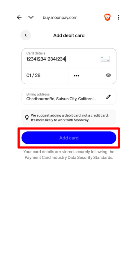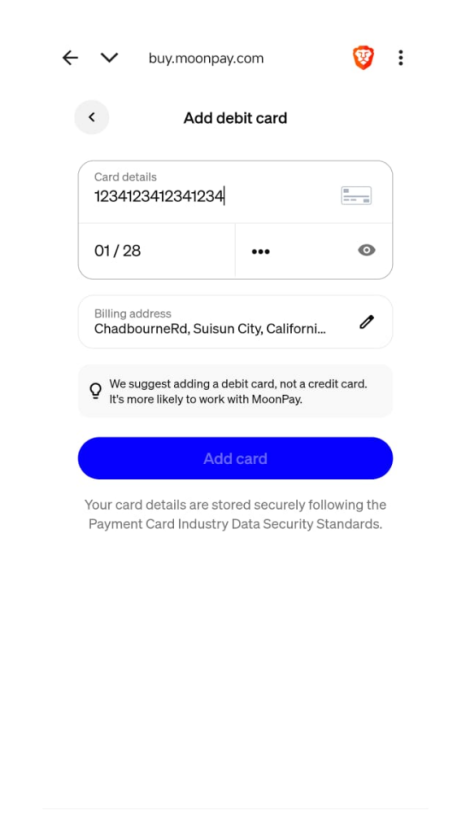 Note: Some banks may block crypto transactions. Ensure your card supports crypto purchases.
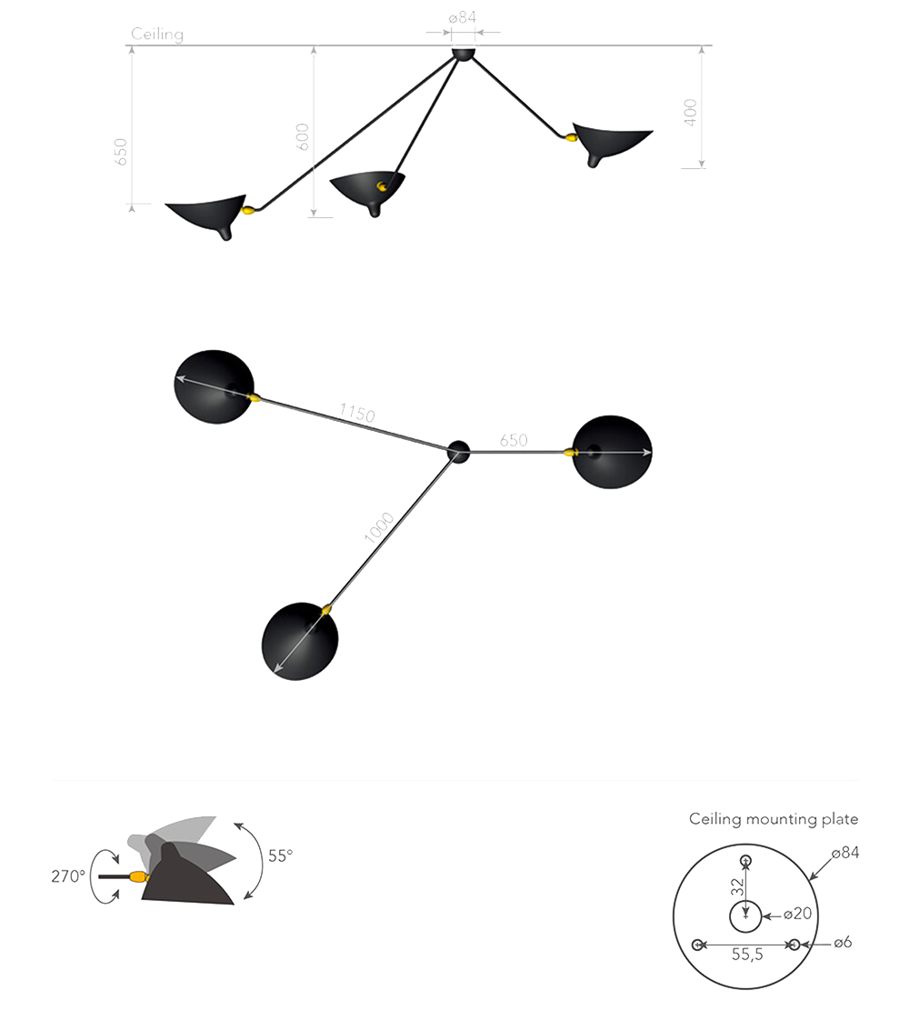 CEILING LAMP SPIDER 3 FIXED ARMS (씨링 램프 스파이더 3 픽스드 암스)
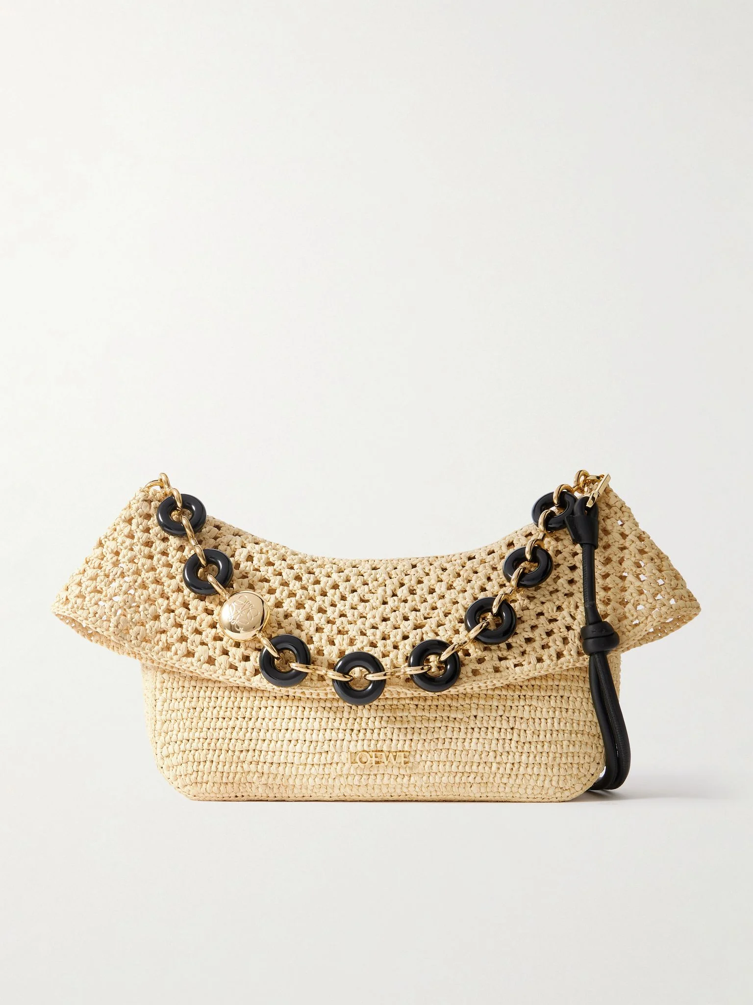 Woven from raffia, Loewe and Paula's Ibiza's small 'Ola' shoulder bag is adorned with an 'Anagram'-engraved gold-tone 'Donut' strap and has a longer detachable leather strap, so you can go hands-free. Inside you'll fit your phone, cardholder and sunglasses. Details & Care - Raffia, black leather - Chain strap, detachable shoulder strap - Internal slip pocket - Unlined - Fold-over top - Comes with a dust bag - Weighs approximately 2.2lbs/ 1kg

WORK REQUEST: Starting at the top of the listing above, reproduce each line up to and including the one with "CEILING LAMP SPIDER"; omit the pictures.

RESULT OF THE EXERCISE:
 Note: Some banks may block crypto transactions. Ensure your card supports crypto purchases.
 CEILING LAMP SPIDER 3 FIXED ARMS (씨링 램프 스파이더 3 픽스드 암스)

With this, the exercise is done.